* [YOUR TASK]
Could you set down exactly the lines of the data below, starting at the one that holds "Glitzhome Solar LED" and ending at the one that holds "Aerial view of", both included, and only those?

[Extracted records]
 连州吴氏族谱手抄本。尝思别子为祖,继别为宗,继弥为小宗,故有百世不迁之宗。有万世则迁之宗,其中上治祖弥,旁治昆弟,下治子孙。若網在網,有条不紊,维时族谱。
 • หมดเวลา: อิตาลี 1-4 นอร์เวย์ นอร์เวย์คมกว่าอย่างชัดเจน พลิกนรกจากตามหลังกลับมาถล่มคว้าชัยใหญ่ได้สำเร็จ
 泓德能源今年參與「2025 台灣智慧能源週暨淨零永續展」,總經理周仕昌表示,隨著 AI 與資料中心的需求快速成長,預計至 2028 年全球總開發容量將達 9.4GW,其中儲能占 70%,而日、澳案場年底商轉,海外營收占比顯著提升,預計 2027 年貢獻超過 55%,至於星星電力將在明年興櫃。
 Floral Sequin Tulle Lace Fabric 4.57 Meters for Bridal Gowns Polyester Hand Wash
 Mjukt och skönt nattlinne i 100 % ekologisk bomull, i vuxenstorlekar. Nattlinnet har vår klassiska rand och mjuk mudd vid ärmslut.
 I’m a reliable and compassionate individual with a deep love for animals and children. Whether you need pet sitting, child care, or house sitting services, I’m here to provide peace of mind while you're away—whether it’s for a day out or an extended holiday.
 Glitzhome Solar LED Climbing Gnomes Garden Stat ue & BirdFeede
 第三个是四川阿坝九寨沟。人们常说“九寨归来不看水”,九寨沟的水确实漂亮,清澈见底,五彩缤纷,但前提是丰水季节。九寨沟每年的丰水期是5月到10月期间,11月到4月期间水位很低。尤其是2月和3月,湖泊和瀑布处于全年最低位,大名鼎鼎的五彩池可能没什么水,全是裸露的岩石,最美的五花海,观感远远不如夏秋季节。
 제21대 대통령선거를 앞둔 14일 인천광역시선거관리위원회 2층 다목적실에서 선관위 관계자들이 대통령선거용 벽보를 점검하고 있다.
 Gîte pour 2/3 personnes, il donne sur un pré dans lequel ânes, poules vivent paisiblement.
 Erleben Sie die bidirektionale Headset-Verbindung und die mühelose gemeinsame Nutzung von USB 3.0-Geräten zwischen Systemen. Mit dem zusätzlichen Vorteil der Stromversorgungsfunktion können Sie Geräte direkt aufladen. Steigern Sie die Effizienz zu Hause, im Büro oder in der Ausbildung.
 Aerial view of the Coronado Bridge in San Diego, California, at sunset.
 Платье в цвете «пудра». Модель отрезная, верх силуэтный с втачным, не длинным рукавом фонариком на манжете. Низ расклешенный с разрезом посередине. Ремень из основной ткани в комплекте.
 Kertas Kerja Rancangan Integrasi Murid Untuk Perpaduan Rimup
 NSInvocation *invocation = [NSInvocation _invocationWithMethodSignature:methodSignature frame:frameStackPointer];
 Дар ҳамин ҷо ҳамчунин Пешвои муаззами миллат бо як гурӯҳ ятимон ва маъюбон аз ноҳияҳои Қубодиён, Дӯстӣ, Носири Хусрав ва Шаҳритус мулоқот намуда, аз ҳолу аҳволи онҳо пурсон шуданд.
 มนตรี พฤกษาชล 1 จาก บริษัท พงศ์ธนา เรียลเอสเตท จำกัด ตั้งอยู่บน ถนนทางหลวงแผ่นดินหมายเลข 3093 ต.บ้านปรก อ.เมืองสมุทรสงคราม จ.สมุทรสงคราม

* [TASK SOLUTION]
 Glitzhome Solar LED Climbing Gnomes Garden Stat ue & BirdFeede
 第三个是四川阿坝九寨沟。人们常说“九寨归来不看水”,九寨沟的水确实漂亮,清澈见底,五彩缤纷,但前提是丰水季节。九寨沟每年的丰水期是5月到10月期间,11月到4月期间水位很低。尤其是2月和3月,湖泊和瀑布处于全年最低位,大名鼎鼎的五彩池可能没什么水,全是裸露的岩石,最美的五花海,观感远远不如夏秋季节。
 제21대 대통령선거를 앞둔 14일 인천광역시선거관리위원회 2층 다목적실에서 선관위 관계자들이 대통령선거용 벽보를 점검하고 있다.
 Gîte pour 2/3 personnes, il donne sur un pré dans lequel ânes, poules vivent paisiblement.
 Erleben Sie die bidirektionale Headset-Verbindung und die mühelose gemeinsame Nutzung von USB 3.0-Geräten zwischen Systemen. Mit dem zusätzlichen Vorteil der Stromversorgungsfunktion können Sie Geräte direkt aufladen. Steigern Sie die Effizienz zu Hause, im Büro oder in der Ausbildung.
 Aerial view of the Coronado Bridge in San Diego, California, at sunset.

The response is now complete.